I’m still curious to see how we’ll be train dreaming. And running up that hill.
Lee Byung-hun in No Other Choice.
5. As are niche adaptations.
Oliver Assayas’ The Wizard of the Kremlin, which premiered in Venice, is adapted from Giuliano da Empoli’s Le Mage du Kremlin. The film looks at a mysterious TV producer who fails up with “the czar.”
Cannes also saw several highbrow literary adaptations. Kei Ishikawa’s A Pale View of the Hills is based on the Kazuo Ishiguro novel. And Lynne Ramsay’s intense-looking Die, My Love is an adaptation of Ariana Harwicz’s eponymous novel.
At TIFF, the 2025 Platform program picked up on an apparent thirst for dark, contempo-literary fare. Tim Mielants’ Steve is a reimagining of Max Porter’s novel, Shy. And Kasia Adamik’s Winter of the Crow is based on “Professor Andrews Goes to Warsaw,” a short story by the Nobel winner Olga Tokarczuk.
Paul Dano in The Wizard of the Kremlin.
In the TIFF Discovery program, we find Nadia Latif’s The Man in My Basement, based on a Walter Mosley novel of the same name. And Hafsia Herzi’s The Little Sister, an adaptation of Fatima Daas’s 2020 autofictional novel The Last One.
And in the special presentations category, Pablo Trapero and Sarah Polley’s & Sons is an adaptation of a David Gilbert novel by the same name.
Park Chan-Wook’s No Other Choice has been to Venice, and the Busan International Film Festival. The film isn’t a straight adaptation, but the director was inspired by a novel. “Some time ago, I read a novel called The Ax,” he told Italian audiences. “I picked it up because it was written by Donald E. Westlake, who wrote the novel behind Point Blank, one of my all-time favorite films.”
Happily, this tale of obsessive creation comes from a director with proven adaptive chops.

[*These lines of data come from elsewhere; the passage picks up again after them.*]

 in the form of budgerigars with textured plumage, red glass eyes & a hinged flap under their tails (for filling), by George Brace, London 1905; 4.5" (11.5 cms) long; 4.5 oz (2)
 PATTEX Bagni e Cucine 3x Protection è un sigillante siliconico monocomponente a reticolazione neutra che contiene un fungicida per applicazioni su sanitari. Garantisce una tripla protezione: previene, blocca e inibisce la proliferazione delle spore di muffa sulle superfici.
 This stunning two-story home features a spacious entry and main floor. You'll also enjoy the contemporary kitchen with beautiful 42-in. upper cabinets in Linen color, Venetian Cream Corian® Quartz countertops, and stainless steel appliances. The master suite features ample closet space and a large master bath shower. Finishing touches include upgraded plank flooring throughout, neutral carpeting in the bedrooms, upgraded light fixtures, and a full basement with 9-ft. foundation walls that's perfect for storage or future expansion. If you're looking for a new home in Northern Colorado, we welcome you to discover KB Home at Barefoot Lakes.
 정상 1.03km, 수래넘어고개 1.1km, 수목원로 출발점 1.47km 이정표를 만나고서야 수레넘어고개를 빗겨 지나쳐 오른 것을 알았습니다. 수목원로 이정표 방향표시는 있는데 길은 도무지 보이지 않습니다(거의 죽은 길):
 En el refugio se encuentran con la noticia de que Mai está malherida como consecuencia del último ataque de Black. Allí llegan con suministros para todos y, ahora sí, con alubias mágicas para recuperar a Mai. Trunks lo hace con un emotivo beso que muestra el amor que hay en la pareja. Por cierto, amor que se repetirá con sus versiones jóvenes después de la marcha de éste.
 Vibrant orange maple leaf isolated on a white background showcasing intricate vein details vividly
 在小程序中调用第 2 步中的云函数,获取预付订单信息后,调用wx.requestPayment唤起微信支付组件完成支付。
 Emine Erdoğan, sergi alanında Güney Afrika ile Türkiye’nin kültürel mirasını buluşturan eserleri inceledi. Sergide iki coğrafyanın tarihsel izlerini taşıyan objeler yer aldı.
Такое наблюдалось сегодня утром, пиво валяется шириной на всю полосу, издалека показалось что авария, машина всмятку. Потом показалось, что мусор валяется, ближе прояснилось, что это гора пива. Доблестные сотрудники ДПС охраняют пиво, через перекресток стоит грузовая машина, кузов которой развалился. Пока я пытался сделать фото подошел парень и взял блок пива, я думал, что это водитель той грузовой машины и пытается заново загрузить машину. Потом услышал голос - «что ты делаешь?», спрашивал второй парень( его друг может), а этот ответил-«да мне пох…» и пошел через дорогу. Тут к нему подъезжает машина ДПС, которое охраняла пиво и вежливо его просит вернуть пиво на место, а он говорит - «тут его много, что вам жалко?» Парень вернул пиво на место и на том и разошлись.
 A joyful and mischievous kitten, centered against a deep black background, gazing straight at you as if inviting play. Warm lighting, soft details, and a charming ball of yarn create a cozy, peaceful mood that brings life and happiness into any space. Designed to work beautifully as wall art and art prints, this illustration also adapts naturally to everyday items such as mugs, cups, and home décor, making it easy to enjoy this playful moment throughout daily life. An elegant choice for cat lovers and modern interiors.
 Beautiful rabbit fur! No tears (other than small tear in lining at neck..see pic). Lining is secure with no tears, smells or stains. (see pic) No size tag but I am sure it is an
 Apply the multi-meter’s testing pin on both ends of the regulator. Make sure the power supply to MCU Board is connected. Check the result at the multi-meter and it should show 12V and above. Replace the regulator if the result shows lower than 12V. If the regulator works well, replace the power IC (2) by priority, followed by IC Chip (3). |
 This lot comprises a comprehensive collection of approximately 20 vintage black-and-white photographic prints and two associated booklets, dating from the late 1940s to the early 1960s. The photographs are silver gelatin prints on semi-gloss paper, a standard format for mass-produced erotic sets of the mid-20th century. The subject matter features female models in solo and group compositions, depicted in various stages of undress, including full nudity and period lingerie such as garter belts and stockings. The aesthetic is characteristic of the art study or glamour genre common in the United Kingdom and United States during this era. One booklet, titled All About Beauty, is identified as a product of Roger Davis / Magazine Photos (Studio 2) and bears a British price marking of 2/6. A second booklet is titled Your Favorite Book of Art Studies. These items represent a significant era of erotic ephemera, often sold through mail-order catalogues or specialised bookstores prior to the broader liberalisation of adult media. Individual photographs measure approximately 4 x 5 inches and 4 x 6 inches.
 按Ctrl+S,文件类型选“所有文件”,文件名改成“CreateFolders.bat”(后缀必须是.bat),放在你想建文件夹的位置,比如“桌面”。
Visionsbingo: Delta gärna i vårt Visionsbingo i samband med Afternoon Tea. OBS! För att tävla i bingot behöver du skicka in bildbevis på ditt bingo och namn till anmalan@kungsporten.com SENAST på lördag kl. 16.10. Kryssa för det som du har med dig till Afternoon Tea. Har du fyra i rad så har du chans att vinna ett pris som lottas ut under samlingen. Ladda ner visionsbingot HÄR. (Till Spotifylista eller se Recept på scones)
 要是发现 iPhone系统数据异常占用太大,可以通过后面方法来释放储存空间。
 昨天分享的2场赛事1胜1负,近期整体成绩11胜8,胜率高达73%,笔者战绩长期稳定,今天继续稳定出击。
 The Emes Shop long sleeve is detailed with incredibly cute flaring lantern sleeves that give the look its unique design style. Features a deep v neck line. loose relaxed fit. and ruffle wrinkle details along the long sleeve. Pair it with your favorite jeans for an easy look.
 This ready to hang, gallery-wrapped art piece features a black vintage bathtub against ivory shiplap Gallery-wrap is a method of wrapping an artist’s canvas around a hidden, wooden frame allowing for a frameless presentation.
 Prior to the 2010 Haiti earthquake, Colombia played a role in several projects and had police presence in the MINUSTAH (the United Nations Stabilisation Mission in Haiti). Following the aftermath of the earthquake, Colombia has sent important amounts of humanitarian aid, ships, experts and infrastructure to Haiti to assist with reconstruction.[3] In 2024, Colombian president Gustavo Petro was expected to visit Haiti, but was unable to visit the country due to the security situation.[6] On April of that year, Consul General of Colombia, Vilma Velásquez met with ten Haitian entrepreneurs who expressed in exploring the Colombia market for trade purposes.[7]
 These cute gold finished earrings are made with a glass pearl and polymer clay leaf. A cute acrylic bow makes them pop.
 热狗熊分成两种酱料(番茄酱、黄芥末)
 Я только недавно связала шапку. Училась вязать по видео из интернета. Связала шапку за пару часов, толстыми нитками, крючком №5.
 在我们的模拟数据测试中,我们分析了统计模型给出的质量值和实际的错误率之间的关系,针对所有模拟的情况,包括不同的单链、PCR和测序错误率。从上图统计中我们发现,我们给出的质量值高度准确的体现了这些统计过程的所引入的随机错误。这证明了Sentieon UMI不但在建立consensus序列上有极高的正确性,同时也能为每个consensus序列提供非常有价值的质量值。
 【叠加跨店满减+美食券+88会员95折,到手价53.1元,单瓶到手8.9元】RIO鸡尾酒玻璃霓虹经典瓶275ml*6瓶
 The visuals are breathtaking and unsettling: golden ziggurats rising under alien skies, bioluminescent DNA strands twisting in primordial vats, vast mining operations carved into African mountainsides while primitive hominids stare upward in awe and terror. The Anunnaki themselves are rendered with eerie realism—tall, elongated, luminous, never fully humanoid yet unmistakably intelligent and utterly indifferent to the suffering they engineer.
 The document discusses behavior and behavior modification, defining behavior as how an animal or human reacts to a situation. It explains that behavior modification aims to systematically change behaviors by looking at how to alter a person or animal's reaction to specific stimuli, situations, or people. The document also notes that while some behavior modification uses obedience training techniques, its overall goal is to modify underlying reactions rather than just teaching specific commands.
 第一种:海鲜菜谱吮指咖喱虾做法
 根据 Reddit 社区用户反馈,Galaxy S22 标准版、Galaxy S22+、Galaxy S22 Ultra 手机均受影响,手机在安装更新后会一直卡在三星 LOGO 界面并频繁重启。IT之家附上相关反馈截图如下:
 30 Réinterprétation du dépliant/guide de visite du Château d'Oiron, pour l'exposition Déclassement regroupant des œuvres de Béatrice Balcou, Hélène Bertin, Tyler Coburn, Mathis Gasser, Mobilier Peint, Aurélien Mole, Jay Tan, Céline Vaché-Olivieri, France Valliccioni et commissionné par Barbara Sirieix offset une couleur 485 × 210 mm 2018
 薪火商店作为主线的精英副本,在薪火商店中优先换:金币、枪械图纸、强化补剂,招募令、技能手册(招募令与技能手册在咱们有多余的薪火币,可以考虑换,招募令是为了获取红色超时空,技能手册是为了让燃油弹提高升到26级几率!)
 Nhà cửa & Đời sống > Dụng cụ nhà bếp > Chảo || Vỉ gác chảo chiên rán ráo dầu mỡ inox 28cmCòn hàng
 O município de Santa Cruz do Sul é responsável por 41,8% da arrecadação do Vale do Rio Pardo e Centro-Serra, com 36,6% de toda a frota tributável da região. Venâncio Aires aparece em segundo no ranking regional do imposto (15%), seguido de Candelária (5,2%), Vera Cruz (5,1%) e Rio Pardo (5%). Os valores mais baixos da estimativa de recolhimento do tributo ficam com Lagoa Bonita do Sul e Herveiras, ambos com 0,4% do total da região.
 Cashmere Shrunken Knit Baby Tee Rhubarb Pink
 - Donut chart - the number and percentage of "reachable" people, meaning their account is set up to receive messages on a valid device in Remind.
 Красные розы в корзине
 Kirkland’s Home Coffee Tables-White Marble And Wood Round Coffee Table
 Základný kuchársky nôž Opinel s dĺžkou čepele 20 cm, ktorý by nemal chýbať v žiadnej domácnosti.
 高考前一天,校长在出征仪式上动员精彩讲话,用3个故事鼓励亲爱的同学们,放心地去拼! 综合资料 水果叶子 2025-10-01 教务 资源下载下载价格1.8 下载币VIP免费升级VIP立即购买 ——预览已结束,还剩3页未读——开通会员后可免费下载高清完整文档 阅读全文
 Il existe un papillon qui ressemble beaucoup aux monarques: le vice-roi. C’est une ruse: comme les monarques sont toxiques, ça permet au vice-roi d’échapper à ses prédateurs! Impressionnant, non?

Chan-Wook’s exquisite The Handmaiden put an elegant and erotic spin on a Sarah Waters novel.
Jonathan Bailey in Frankenstein.
6. And big, buzzy ones.
Chloe Zhao’s Hamnet, based on the Maggie O’Farrell bestseller, won the People’s Choice Award at TIFF, and has been taking names and breaking hearts as it works through the whole circuit.
And the Venice Film Festival introduced Guillermo del Toro’s behemoth Frankenstein. We apparently needn’t fear the dead, good citizens. Screen Slate reports that Jacon Elordi is terrific “as the truly statuesque, initially wordless monster.”
From Orwell: 2+2=5.
7. Iconoclasts take the IRL cake.
Raoul Peck, the documentarian behind the Baldwin love letter I Am Not Your Negro, has turned his gaze to George Orwell. Orwell: 2+2=5, a look at the radical writer’s legacy, premiered at Cannes this May before traveling to TIFF. And as Wired recently observed, the documentary’s cautionary aspects can be read alongside Frankenstein’s to fine effect.
And in the last bit of on the nose news, Laura Poitras’ Cover Up follows the “explosive career of Pulitzer Prize-winning investigative reporter Seymour Hersh,” who went toe to toe with governments to report on massacres.
At least it’s a good year for bookish films, friends. Happy viewing! Don’t lose it at the movies!